Anayasa Mahkemesi, Türkiye Cumhuriyeti’nin sert laik niteliğini ve bölünmez bütünlüğünü korumak amacıyla son derece aktivist kararlar vermiştir. Bu doğrultuda Mahkeme laikliğe karşı eylemleri ve bölünmez bütünlüğe karşı eylemleri nedeniyle birçok siyasal partinin kapatılmasına karar vermiştir. Ayrıca tek başına iktidar olan bir siyasal parti ise, parti kapatılmasının oylama şartları zorlaştırıldığı için kapatılamamış, ancak partinin laikliğe karşı eylemleri nedeniyle devlet yardımından kısmen yoksun bırakılmasına karar verilmiştir. Bu doğrultuda, Mayıs 2007’de Mahkeme, Ak Parti’nin adayı olan Abdullah Gül’ün cumhurbaşkanı olarak seçildiği cumhurbaşkanlığı seçimini iptal etmiştir. 2008 yılının Haziran ayında Mahkeme, kadın öğrencilerin üniversitelere başörtüleriyle girebilmelerini sağlamayı amaçlayan anayasa değişikliğini de iptal etmiştir. Ayrıca bu anayasal değişiklik Yargıtay

40

Cumhuriyet Başsavcısı’nın Ak Parti’nin kapatılması davası için hazırlamış olduğu iddianamedeki gerekçelerden birisi olmuştur.
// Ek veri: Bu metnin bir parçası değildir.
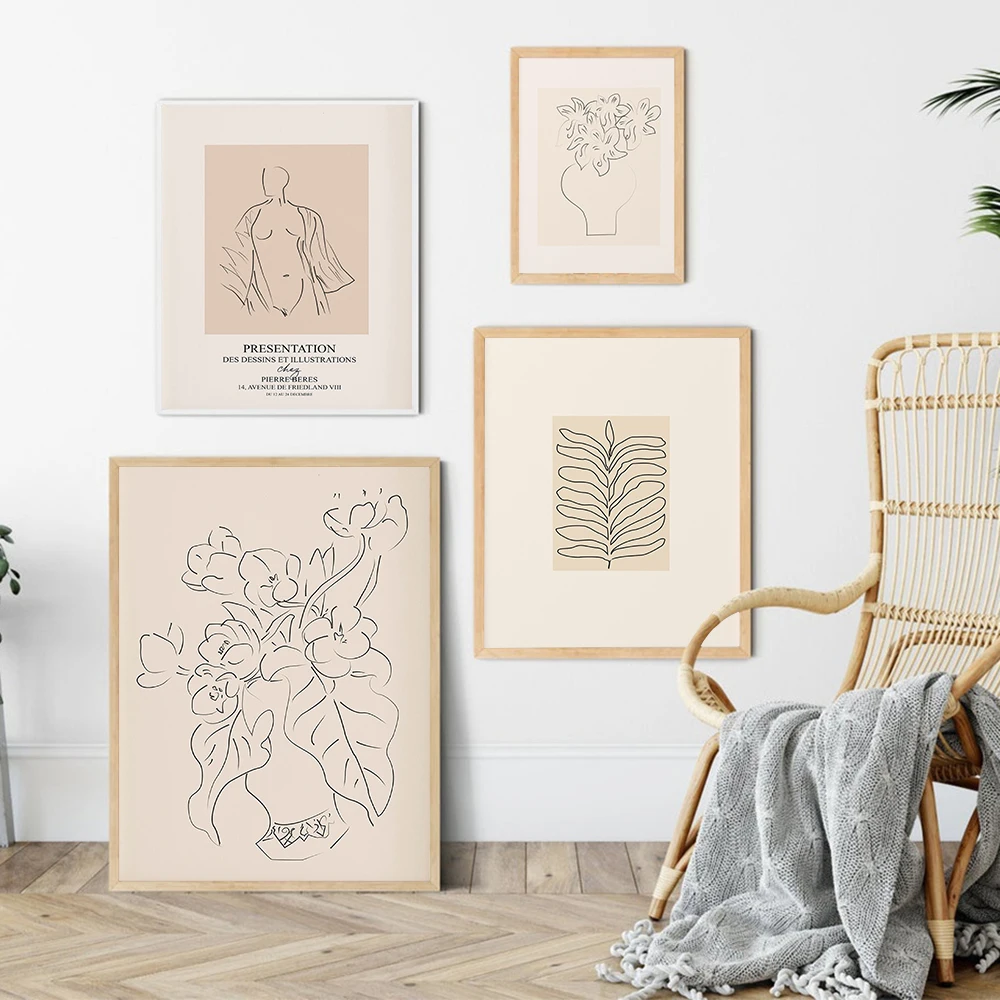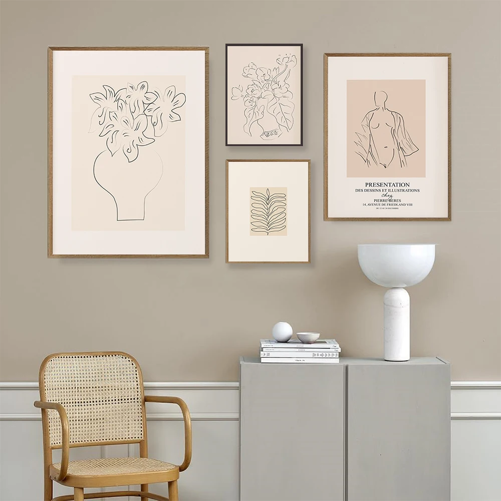 Современный плакат художественная Ваза цветов холст живопись абстрактная Художественная печать Цветочная линия художественная Настенная картина для гостиной домашний декор

Anayasal denetim açısından anayasa mahkemelerini harekete geçirebilecek kurumlar da önemlidir, çünkü bu mahkemeler resen herhangi bir dava açamaz veya bir norm denetimi yapamaz. Yasama faaliyetlerini Mahkemeye götürme hakkına sahip kurumlardan biri ve muhtemelen de en önemlisi, ana muhalefet partisi veya muhalefet milletvekilleridir. Siyasi muhalefet, hükümetin bir konuda hata yaptığını düşündüğünde, onu yavaşlatmaya çalıştığında veya engellemek amacıyla yasama faaliyetlerini mahkemenin önüne getirerek yargısal bir siyaset alanı oluşturmak isteyebilir (Tate ve Vallinder, 1995). Ayrıca muhalif politikacılar, hükümetlerin eylemlerini kamuoyuna veya medyanın gündemine taşıyabilmek için de anayasal denetim yoluna gidebilir (Dotan ve Hofnung, 2005). Muhalif politikacılar, ulusal ve yüksek mahkemelerin kamuoyu nezdindeki, profesyonel ve apolitik karar verme organı olarak sahip oldukları kamusal imaja güvenerek, hükümet faaliyetleri karşısında kendi fikirlerini doğrulatmak veya fikirlerine destek sağlamak isteyebilir (Hirschl, 2008:107). Bazı saha çalışmaları, ulusal yüksek mahkemelerin çoğu anayasal demokraside, diğer siyasal kurumlardan daha fazla meşruiyet ve kamu desteğine sahip olduğunu göstermektedir (Gibson ve diğerleri, 2003). Muhalefet gibi hükümet de eylemlerini meşrulaştırmak veya siyasi gündemindeki bazı engellerin üstesinden gelmek için anayasal denetimi kullanabilmektedir. (Hirschl, 2004; Whittington, 2005, 2007).